Op-Ed, Opinion

OP-ED: How Instagram is damaging the self-esteem of women

Op-eds do not reflect the editorial opinion of The Daily Free Press. They are solely the opinion of the author.

Every time I scroll through my Instagram feed, I constantly come across pictures of celebrities and models that all have flawless bodies, skin, hair and makeup. How does this make me feel? Not so good. I catch myself thinking sometimes, “I wish I could look like that” or, “I should really start watching what I eat.”

Today, girls of all ages are trapped in a battle for their self-esteem. At a time in their lives when they are pressured to fit in and feel beautiful, these photos that celebrities post on Instagram shows them that in order to achieve the ideal beauty, they must be stick thin, have flawless hair and acne-free skin. According to a study done by Dove, 72 percent of women feel pressure to be beautiful and only 4 percent of women actually consider themselves beautiful. The Instagram pictures of attractive celebrities are not helping this statistic.

This unrealistic ideal causes girls to become dissatisfied with their self-image, ultimately lowering their self-esteem. What adolescent girls don’t realize is that these pictures on Instagram are unrealistic. The women captured in these pictures have a full-time hair and make-up team, have personal trainers and even use Photoshop to edit their pictures.

In order to feel better about themselves in their own pictures on Instagram, women will use retouching apps to fix their flaws. This can damage the self-esteem of their viewers, because they will perceive this unreal beauty as realistic and normal. These apps can entirely transform the way a person looks in a picture. Girls can slim down parts of their bodies, whiten their teeth, cover up their acne and add filters to either enhance or hide parts of their bodies. What is the point of adding a picture to Instagram that is entirely fake?

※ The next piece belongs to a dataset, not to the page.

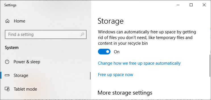 Auf einem Windows 10 Gerät können die Einstellung zu Storage Sense in der Settings App unter Storage konfiguriert werden. Wenn hier lediglich Storage Space aktiviert wird, ohne weitere Einstellungen vorzunehmen, werden lediglich Daten bereinigt, wenn wenig Festplattenspeicher auf dem System verbleibt. In Bezug auf OneDrive bedeutet dies, dass nur offline verfügbare Dateien gelöscht werden, bis wieder ausreichend Speicher verfügbar ist.
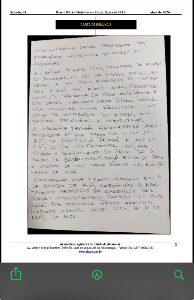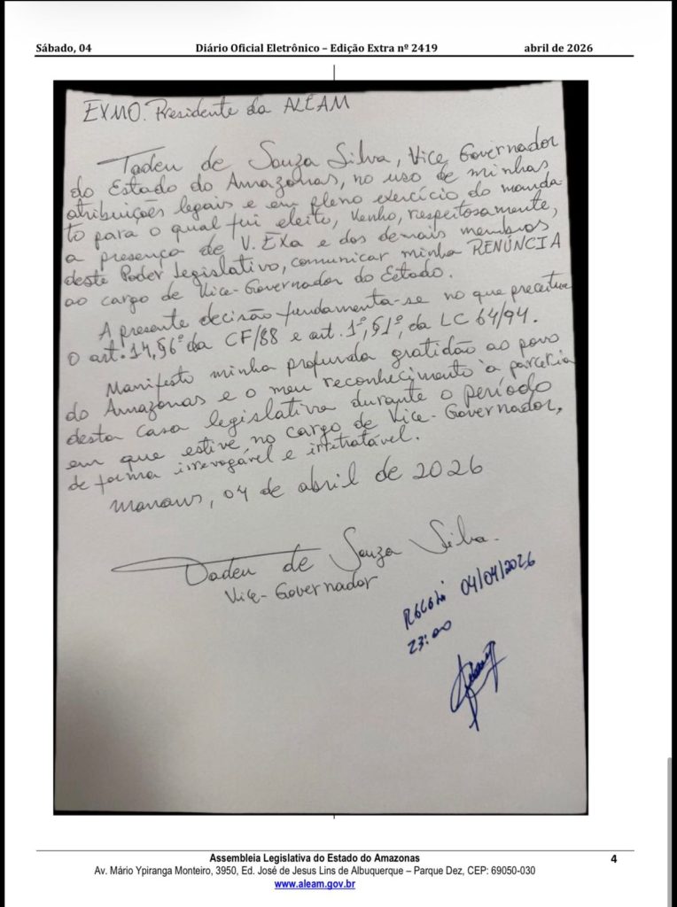 O inesperado aconteceu. Nem tanto a renúncia do governador Wilson Lima (União), que era especulada mesmo ele dizendo que continuaria no cargo. Mas sim a saída no mesmo ato do vice-governador Tadeu de Souza (Progressistas), que sempre disse querer ser candidato ao Governo sentado na cadeira de governador. Agora um novo personagem assume o protagonismo: o presidente da Assembleia Legislativa do Estado, Roberto Cidade (União) passa a comandar o Amazonas e deverá ser candidato a governador nesta condição. Seu vice, Adjuto Afonso (União), assume a Assembleia Legislativa.

Recently, former Instagram celebrity, Essena O’Neill came forward admitting that her Instagram posts portrayed an unrealistic ideal for girls and that it was “not real life.” She would suck in her stomach and pose in certain ways to make her body look skinnier, and caked on her makeup to conceal her acne. O’Neill realized how her photos may have had a negative impact on women and their self-esteem, so she took a stand and deleted all of her pictures on Instagram.

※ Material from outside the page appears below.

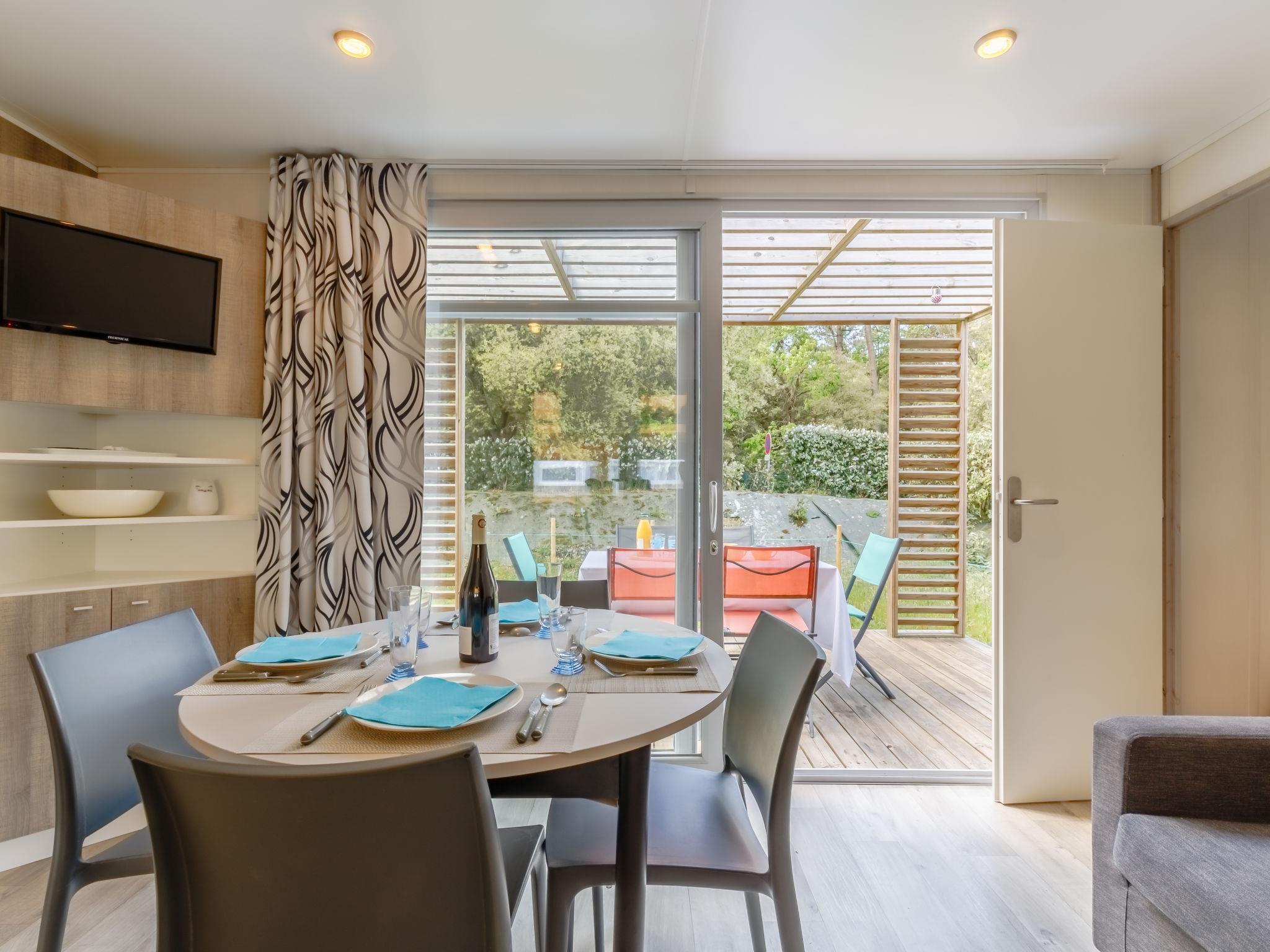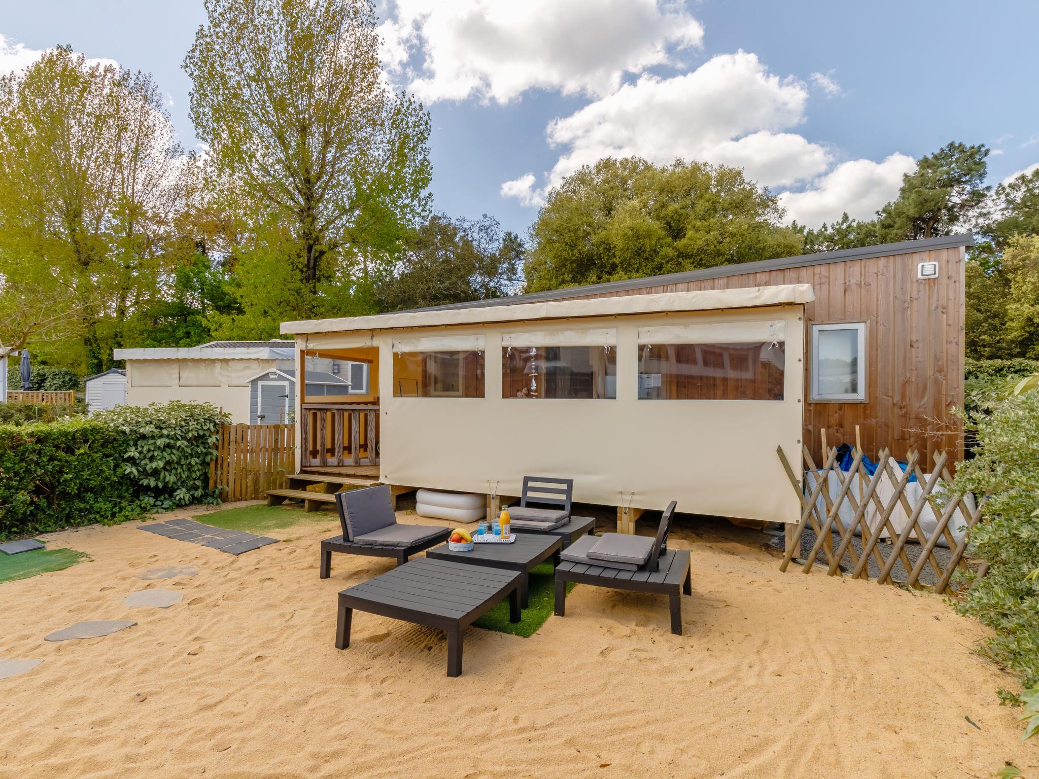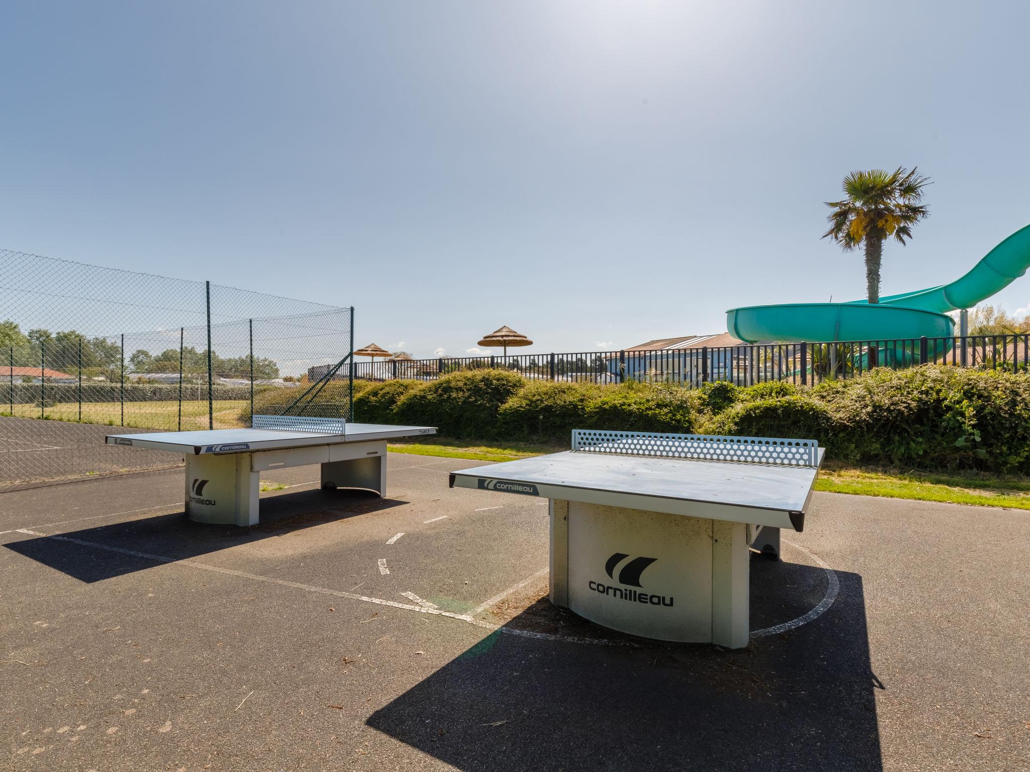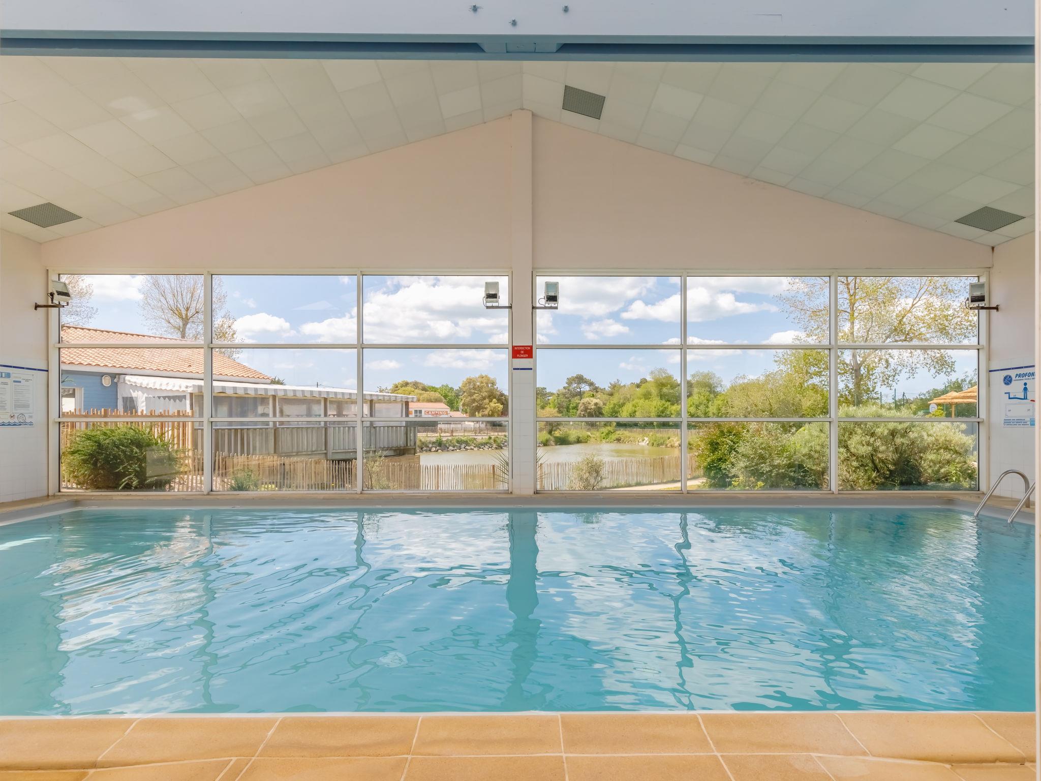 Feriendorf "4 étoiles- L'Etang de Besse". 3 km vom Zentrum von St Hilaire de Riez, 1.3 km vom Meer. Zur Mitbenutzung: Grundstück 2 ha (eingezäunt), Hallenbad beheizt (12 x 5 m, 50 - 170 cm tief, saisonale Verfügbarkeit: 04.Apr. - 31.Okt.). Dusche/WC im Poolbereich, Tennis, Tischtennis, Basketball, Boccia, Kinderspielplatz. Zur Alleinbenutzung: Grundstück 210 m2 (eingezäunt). In der Anlage: Restaurant, Bar, Waschmaschine, Wäschetrockner (zur Mitbenutzung, extra), Fahrradverleih. Parkplatz. Einkaufsgeschäft 3 km, Bushaltestelle 3 km, Sandstrand "La Parée Préneau" 1.3 km. Nahe gelegene Sehenswürdigkeiten: Saint Gilles Croix de Vie 6 km, Saint Jean de Monts 10 km, Ile de Noirmoutier 30 km, Les Sables d'Olonne 38 km, Nantes 70 km. Bitte beachten: geeignet für Familien.

However, not all Instagram celebrities are thinking about how their photos may negatively affect its viewers like O’Neill. Victoria’s Secret supermodel Miranda Kerr has posted pictures on her Instagram that have been edited to make her skinny body even skinnier. When women look at her photos, what they are idealizing is an unhealthy and unrealistic body type.

What these celebrities may not realize is that these photos of their flawless bodies, skin, hair and makeup can damage girls psychologically and physically. Some psychological impacts are depression and anxiety, while physical impacts are body dysmorphic disorder and eating disorders such as anorexia and bulimia.

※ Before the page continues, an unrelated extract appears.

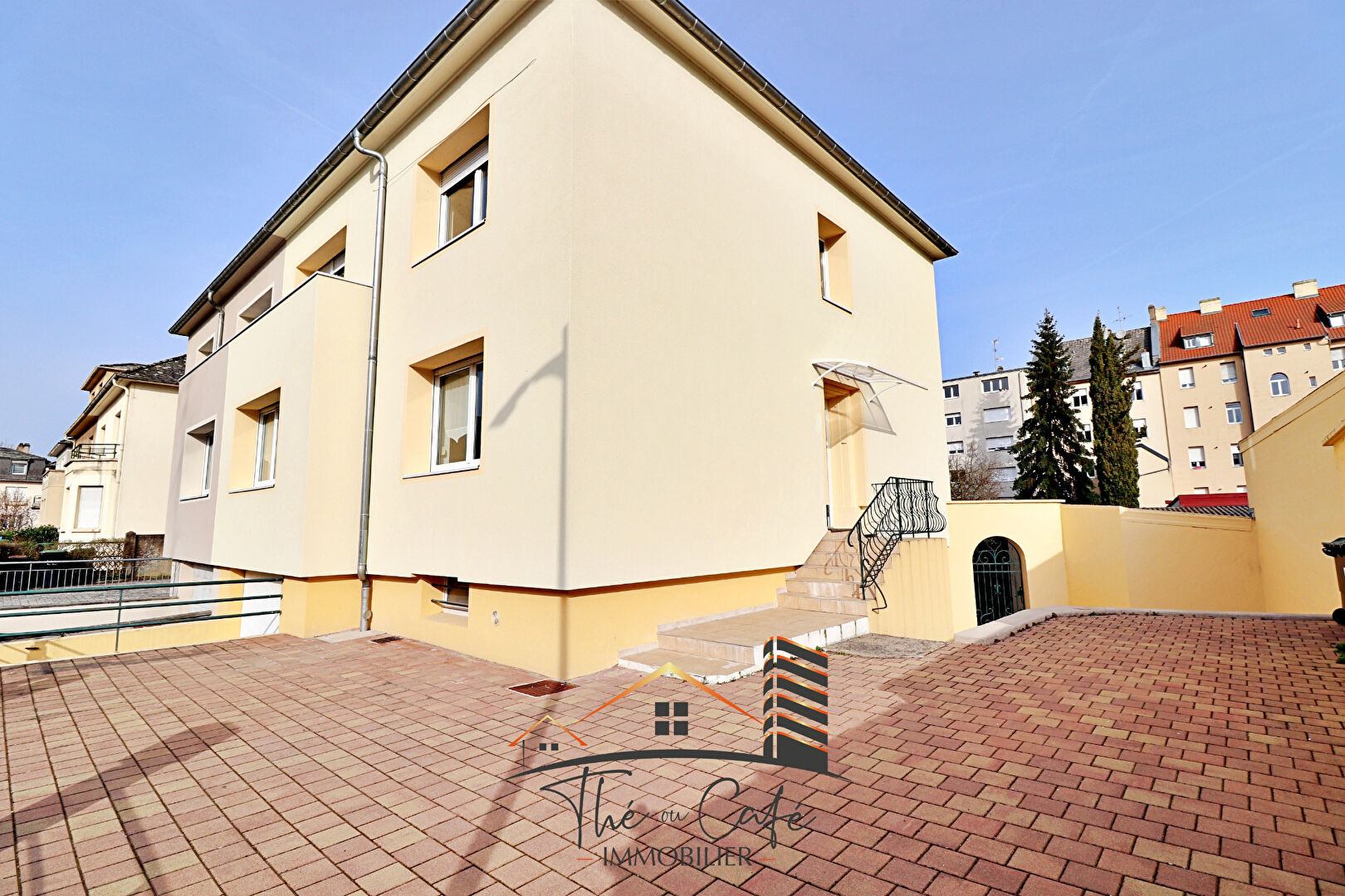 THE OU CAFE IMMOBILIER VOUS PROPOSE A LA VENTE THIONVILLE : Quartier Saint-Pierre Située dans une agréable rue à sens unique, au calme, et à deux pas du centre-ville et de la gare de Thionville, cette belle maison de ville des années 50, entièrement rénovée, saura séduire les familles en quête de confort et de praticité. Développant une surface habitable de 175 m², la maison offre de superbes volumes. Le rez-de-chaussée se compose d'un vaste espace de vie de plus de 56 m², comprenant séjour, salle à manger et cuisine américaine entièrement équipée. Cet espace ouvert bénéficie d'une luminosité traversante très agréable. La cuisine donne accès à une terrasse suspendue de 15 m², idéale pour les repas en extérieur, avec un accès en contrebas à un jardin clos, parfait pour les enfants. Au premier étage, un palier ouvert de 20 m² permet d'aménager un espace détente ou bureau. Vous y trouverez également une salle de douche, une salle de bains, une chambre de 16 m² avec placard, ainsi qu'une chambre parentale de plus de 17 m² avec placard et balcon. Les combles entièrement aménagés sont dédiés à l'espace enfants et proposent trois chambres avec vélux, une salle de douche, ainsi qu'un bureau au dernier niveau. Un sous-sol complet vient compléter ce bien, offrant : un garage 1 véhicule, une vaste buanderie, un cellier, une cave. Travaux récents réalisés : Toiture entièrement refaite Chaudière remplacée Isolation extérieure Façades et extérieurs rénovés Grâce à sa situation géographique idéale (proximité immédiate des écoles, du centre-ville, de la gare et de l'accès A31), ses beaux volumes et sa très bonne isolation énergétique, cette maison est parfaitement adaptée à une vie de famille confortable. DPE : C Contactez-nous sans tarder pour organiser une visite. www.theoucafeimmobilier.com
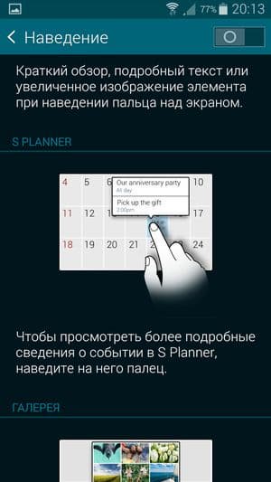 В режиме многозадачности поддерживается работа с двумя окнами. Имеется поддержка работы с жестами, как контактными, так и безконтактными. Естественно, присутствует и продемонстрированный ранее на примере Galaxy S5 режим экстремального энергосбережения, когда все краски становятся оттенками серого, а количество допущенных к работе приложений ограничивается самыми основными. Приватный режим обеспечивает сохранность персональной информации, одним движением пальца можно скрыть личный контент от чужих глаз, после чего он станет доступен лишь по паролю.

Unfortunately, it is almost impossible for adolescent girls to avoid the influence of celebrities’ pictures on Instagram that portray an unattainable standard of beauty. What is seen in these Instagram photos, and what is internalized as normal, is anything but normal. Until adolescent girls stop comparing themselves to other people and learn to love their own bodies, they will spend their lives striving to achieve an unrealistic ideal beauty.